BAMAKO (Reuters) - A new alliance of Islamist militant groups linked to al Qaeda on Monday claimed responsibility for an attack that killed at least five people at a Mali luxury resort popular with Western expatriates just outside the capital Bamako.
The assailants stormed the hotel on Sunday afternoon, opening fire on guests and battling with French and Malian special forces deployed to try to free those trapped inside.
Mali's Security Ministry said in a statement late on Monday that four of the dead were guests and one was a local soldier who died in the firefight.
The nationalities of the dead were a French-Malian, a French-Gabonese, a Chinese, a Portuguese and a Malian soldier, the ministry said. The European Union's foreign policy chief, Federica Mogherini, confirmed that two of the dead were working for its mission there.
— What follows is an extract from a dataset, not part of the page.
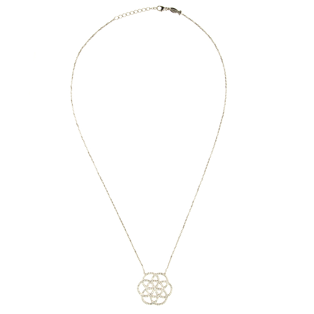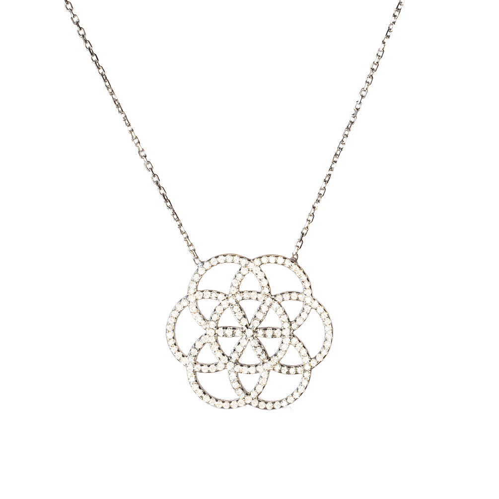 Fabelhafte Kurshuni Halskette mit herrlichem Seed of Life Anhänger aus zirkonia-besetztem Sterling Silber!

Although the attackers succeeded in mounting a lethal assault, security forces backed by French and United Nations troops managed to rescue around 60 residents in two batches on Sunday night, including 13 French citizens and several children.
Some survived thanks to a hotel cashier who led them to a cave embedded in the red-earth hillside near the hotel, according to an interview he gave to Radio France International (RFI).
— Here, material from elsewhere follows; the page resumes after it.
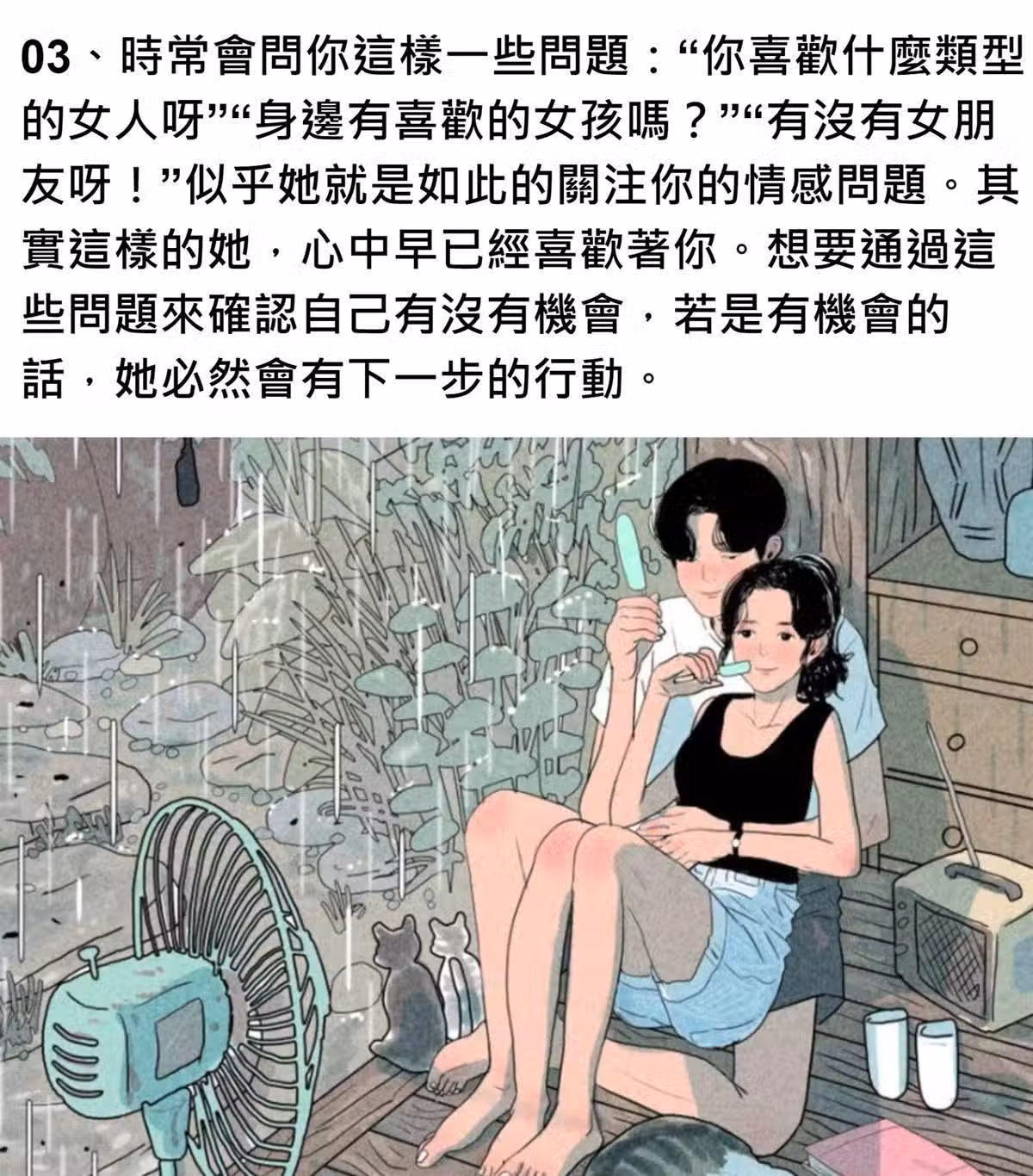 03、時常會問你這樣一些問題:「你喜歡什麽類型的女人呀」「身邊有喜歡的女孩嗎?」「有沒有女朋友呀!」似乎她就是如此的關注你的情感問題。其實這樣的她,心中早已經喜歡著你。想要通過這些問題來確認自己有沒有機會,若是有機會的話,她必然會有下一步的行動。

"This was without doubt a terrorist attack," Security Minister Salif Traore told RFI on Monday.
His ministry's statement added that authorities had killed four attackers and arrested five others.
Earlier in the day, Traore said some of the militants' accomplices were still at large. Several security forces were still being treated for serious injuries.
DESERT NORTH
French troops and a 10,000-strong U.N. peacekeeping force have been battling to stabilize Mali, a former French colony, ever since France intervened in 2013 to push back jihadists and allied Tuareg rebels who had taken over the country's desert north a year earlier.
The alliance that claimed the attack, Nusrat al-Islam wal Muslimeen, was created earlier this year from a merger of local groups and is led by a notorious Tuareg commander. It was later endorsed by Al Qaeda in the Islamic Maghreb.
Islamist groups have claimed increasingly frequent attacks on Western targets in Mali and the wider West Africa region, including a raid on a Bamako hotel in late 2015 which killed 20 people.
But analysts said security forces appeared to have responded more quickly this time than in previous such attacks.
"One thing is sure: They are becoming more responsive," said Adam Thiam, a Malian analyst and expert on the conflict. He said this was partly because an elite counterterrorism unit was now properly up and running.
"They're specialized in this kind of operation," he said.
French President Emmanuel Macron spoke to the leader of Mali after the attack and pledged his country's full support for the country, Macron's office said on Monday.
"France condemns with utmost firmness this murderous attack," the Foreign Ministry said in a statement.
The African Union condemned the attack and reiterated its commitment to support Mali in combating terrorism.
Earlier this month, the United States warned its citizens about a possible increased threat of attacks against places popular with Westerners.
"I am tired, shocked. I have no other words to say," the resort owner Manou Morgane, a French national, told Reuters TV overnight. "All I want to do is to see the list of my clients. I want to find them (anyone missing)."